» TASK REQUIREMENTS: Begin at the line containing "Mise en place de stations de lavage des mains" in the data below and go on through the line containing "Pendant plus de", repeating each line exactly; include both ends and no other line.

» DATA FOR THIS TASK:
== Segment start ==

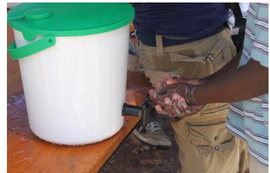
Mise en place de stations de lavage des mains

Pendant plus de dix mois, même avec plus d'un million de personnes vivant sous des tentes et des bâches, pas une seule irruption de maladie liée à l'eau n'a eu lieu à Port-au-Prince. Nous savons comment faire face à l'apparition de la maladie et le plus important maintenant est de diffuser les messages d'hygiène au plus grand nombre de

== Segment end ==
== Segment start ==

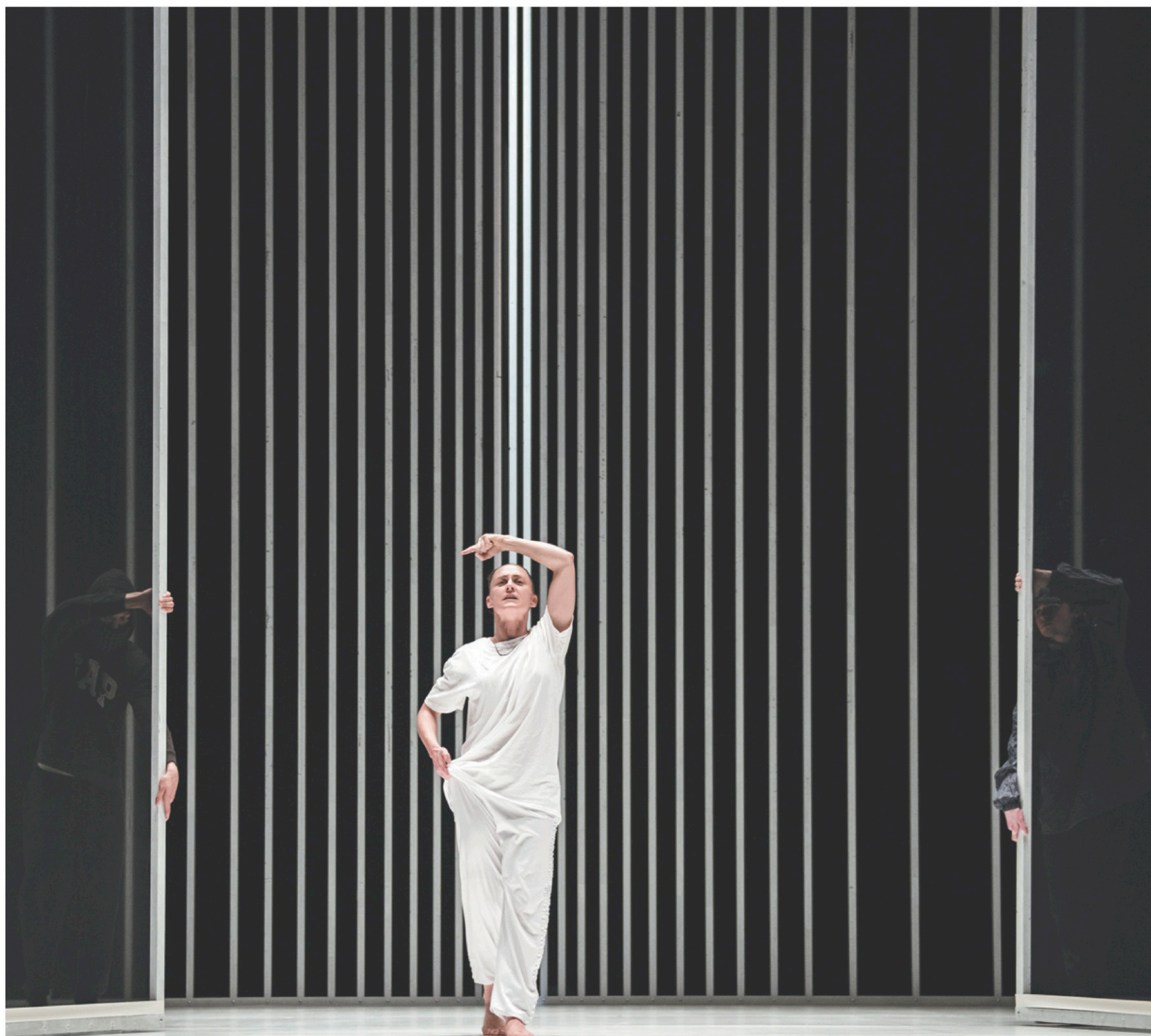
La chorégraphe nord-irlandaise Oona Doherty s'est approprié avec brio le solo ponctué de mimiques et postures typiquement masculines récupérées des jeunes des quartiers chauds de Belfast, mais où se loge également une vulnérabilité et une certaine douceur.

== Segment end ==

» SOLVED EXERCISE:
Mise en place de stations de lavage des mains

Pendant plus de dix mois, même avec plus d'un million de personnes vivant sous des tentes et des bâches, pas une seule irruption de maladie liée à l'eau n'a eu lieu à Port-au-Prince. Nous savons comment faire face à l'apparition de la maladie et le plus important maintenant est de diffuser les messages d'hygiène au plus grand nombre de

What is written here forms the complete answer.